British financial services platform

Confused.com is a UK-based financial services comparison platform launched in 2001 and specialising in comparison of insurance and financial services, including car insurance, home insurance, energy, van insurance and life insurance. Confused.com's platform includes a website and app.

==History==
Confused.com launched in 2001, becoming the UK's first car insurance comparison site. Its offices are based in Cardiff, Wales.

Confused.com was part of the Admiral Group plc until its sale to RVU on 30 May 2021.

Confused.com is regulated by the Financial Conduct Authority.

==Management==
Confused.com has undergone a high degree of management churn in recent years. At the top level, founding Managing Director Kate Armstrong, an IT consultant originally from Sydney, retired from the business in 2005, following the successful flotation of the Admiral Group. She was succeeded by Deborah Williams who took the reins from 2005 to 2007. The business underwent expansive growth in this period with profit hitting £36 million in 2007. It was with some degree of surprise therefore that the industry received news of Williams' departure to join a relatively unknown insurance broker. Williams was succeeded by Carlton Hood in the newly created position of CEO. The sector was shaken up by the ground breaking Compare the Market campaign in 2009; Confused.com, along with other established competitors, lost market share. Hood resigned abruptly in 2010 and was succeeded by Group FD Kevin Chidwick as an interim measure.

Chidwick remained in place until January 2012, and was succeeded by Admiral Group senior manager Nic Weng Kan followed by Martin Coriat. Coriat was MD of Admiral-owned French comparison site LeLynx.fr until he took up the position of Confused.com CEO in October 2013.

In August 2012, Joby Russell stepped into the role of Marketing Director. After overseeing the launch of the 'Brian the Robot' campaign and later toy promotions, Russell left the role in May 2015 to take up the role of CMO at online estate agents Purplebricks.com. In late 2015, Paul Troy was appointed the CMO role at Confused.com. Troy had previously worked for Moneysupermarket between 2011 and 2013 where he created the 'You're so money supermarket' campaign.

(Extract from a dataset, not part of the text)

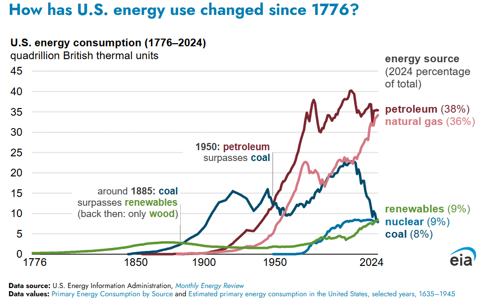 July 4th EIA Special: US Energy Use Since 1776: In 2024, the United States consumed about 94 quadrillion British thermal units (quads) of energy, a 1% increase from 2023, according to EIA’s Monthly Energy Review. Fossil fuels—petroleum, natural gas, and coal—accounted for 82% of total U.S. energy consumption in 2024. Nonfossil fuel energy—from renewables and nuclear energy—accounted for the other 18%. Petroleum remained the most-consumed fuel in the United States, as it has been for the past 75 years, and nuclear energy consumption exceeded coal consumption for the first time ever.

In September 2017, Louise O'Shea was appointed as CEO of Confused.com taking over from Martin Coriat who himself was appointed as chief executive of Admiral-owned French comparison website LeLynx. O'Shea was promoted to the CEO position from her role as finance director at Confused.com.

In May 2018, Confused.com announced the appointment of Sam Day as chief marketing officer, replacing Troy.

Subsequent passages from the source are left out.